【20-005】新型肺炎に関するニュースソースと中国の対策
JST北京事務所 2020年2月3日
1.新型肺炎に関する日中のニュースソースについて
日本でも連日報道されていますが、現在、中国では、湖北省を中心に全国的に新型肺炎を引き起こし新型コロナウイルスとの戦いが繰り広げられています。「戦役」ではなく「戦"疫"」と付けた見出しを多数目にします。
日本語で状況をまとめたものとしては、下記サイトがあります。
外務省海外安全情報ホームページ(中国)
また、日本の国内対策に関しては、下記内閣官房のサイトがあります。
新型コロナウイルス感染症の対応について―内閣官房新型インフルエンザ等対策室
中国での状況をリアルタイムにご覧になりたいときは、例えば、下記のサイトがあります。
1つ目は人民日報のサイトで、2つ目の丁香园·丁香医生は、省や市の名前をクリックすると省内の市や市内の区の単位の人数がわかります。
人民日報のサイトには「实时播报」があり、「预防手册」で予防マニュアルを見ることができます。
丁香园·丁香医生では「实时播报」をクリックすることで患者数や対策等のニュースを得ることができます。また「辟谣与防护」では流布されがちなデマについての説明を、「疾病知识」で新型肺炎やウイルス対策の知識を得ることができます。今回の新型肺炎の対応に当たっている病院のリストも掲載されています。
また、経済誌である「財新」のアプリでは、新型肺炎の「防疫全記録」としてニュース、経緯が時系列で追えるようになっています。また、「地图―新冠肺炎确诊病例实时动态」では、地域ごとの患者数をグラフで示してくれます。
このほか、中国で広く使用されているSNSである微信(WeChat)のスマホ決済アプリWeChatぺイの健康ツールからも同様に地域別の患者情報を見ることができます。
2.新型肺炎に関する中国の対策について
専門家は、繰り返し、早期発見と早期隔離が、原始的ではあるが、最も確実な対策としてその重要性を強調しています。全国の省・市・区で「重大突発公共衛生事件1級」が適用され、様々な対策がとられています。①戸籍人口だけでなく流動人口を含めれば人口1,400万人を超える武漢をはじめ、湖北省の多くの市州の公共交通機関の停止及び駅・空港の閉鎖。②春節休暇を2月2日(金)まで延長[1]、③全国で海外旅行を含む団体旅行を停止[2]、④イベントを中止・延期、⑤観光地等の営業・開館を停止、⑥多くの交通機関の長距離路線の運航を見合わせ、⑦企業や学校の再開を遅らせ、人が集まることをなるべく減らすことが呼びかけられています。⑧オフィスビルやスーパー、地下鉄駅等様々な場所で熱の測定が行われ、マスクの着用が呼びかけられ、指示に従わない人は公安当局へ通報されることとなっています。鉄道や航空会社は無料でキャンセルに応じています。1月21~25日までで、3,220万枚の鉄道の切符の無料キャンセルがあったとのことでした[3]。

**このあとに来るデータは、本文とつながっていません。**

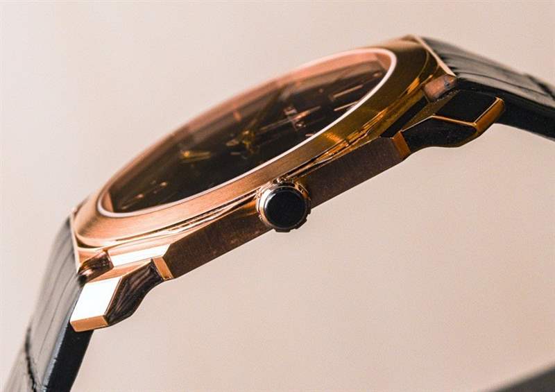 寶格麗Octo Finissimo真的很薄。稍后我將介紹機芯,但寶格麗 Octo Finissimo 的整個表殼厚度僅為 5 毫米,感覺就像是表帶的延續。我應該提到的是,目前可用的三個版本的表殼厚度略有不同。寶格麗又出一款鑲鉆表圈的鉑金款(型號102373 BGO40PDLXT),厚度為5.75mm(可以理解,因為鑲鉆增加了厚度),18k玫瑰金款比5mm厚的鉑金款厚了一根頭發絲,厚度為 5.15 毫米 – 您甚至不會注意到尺寸差異。廣告留言廣告信息結束

また、短期間に大規模な病院が整備されています。武漢では、1月24日、旧暦の大晦日に工事が開始され、ピーク時には4,000人と機械設備、車両1,000台近くを動員し、24時間工事を続け、その模様はライブ中継され、国民のネット上の視線を受けながら2月2日に完成しました(火神山病院)。1,000床を超える病院がこのスピードで作られ、また、もう一つの病院も作られています(雷神山病院)。中国の伝統的な五行説では、肺は金に属し、火は金を克服するといわれているそうです。また、雷神は懲罰の神として知られています。武漢に隣接する黄岡市でも5月完成予定で新設中の病院を48時間で病院を改造し、今回の発熱患者の治療に投入するため1,000床の設備を整備するとのことでした。2月1日の報道では、既に306床の運用を開始し、205名の患者を受けれ、同日にはさらに288のベッドを運用開始するとのことです。17年前SARSのときにやはり北京で作られた病院は7日間で1,000床収容可能で病死率は1.2%を下回り、1,383人の医療スタッフからの感染例を出さずに治療に当たったとのことです。これを中国ならではのスピードと評する報道もあります[4]。
これらの対策で1月30日の時点で中央政府・地方政府合わせて273億元(1月26日の時点では112.1億元[5])が投じられているとのことです。
連日、確定診断数が増える中、患者が利用した鉄道やフライトの情報がSNS等で示され、同乗者に注意喚起しています。下記、URLでは、例えば地区名を入れると患者がその地区への移動等に利用した鉄道やフライトの情報が示されます。
このように中国では、人、カネ、そしてデジタルを駆使して様々な対策が行われています。
実際に北京で暮らしていると日本の町内会に相当するような単位でもワーキンググループが作られ、市政府の通知等に基づき、湖北省等から戻って来た人に、14日間、医学観察の下で外出せず、1日に2回の検温を求め、その他の地域から戻ってきた人にも14日間の検温やマスクの着用を求める通知を街中、春節休暇で休業中の店舗のシャッターなどに多数張り出しています。アパートやオフィスビル、大学などそれぞれが属するコミュニティで類似の呼びかけや所在や出入りの確認、入り口での検温、それぞれの対応策の連絡などがされています。ホールやエレベーターで定期的に消毒が行われ、消毒のにおいが鼻につくこともよくあることになってきました。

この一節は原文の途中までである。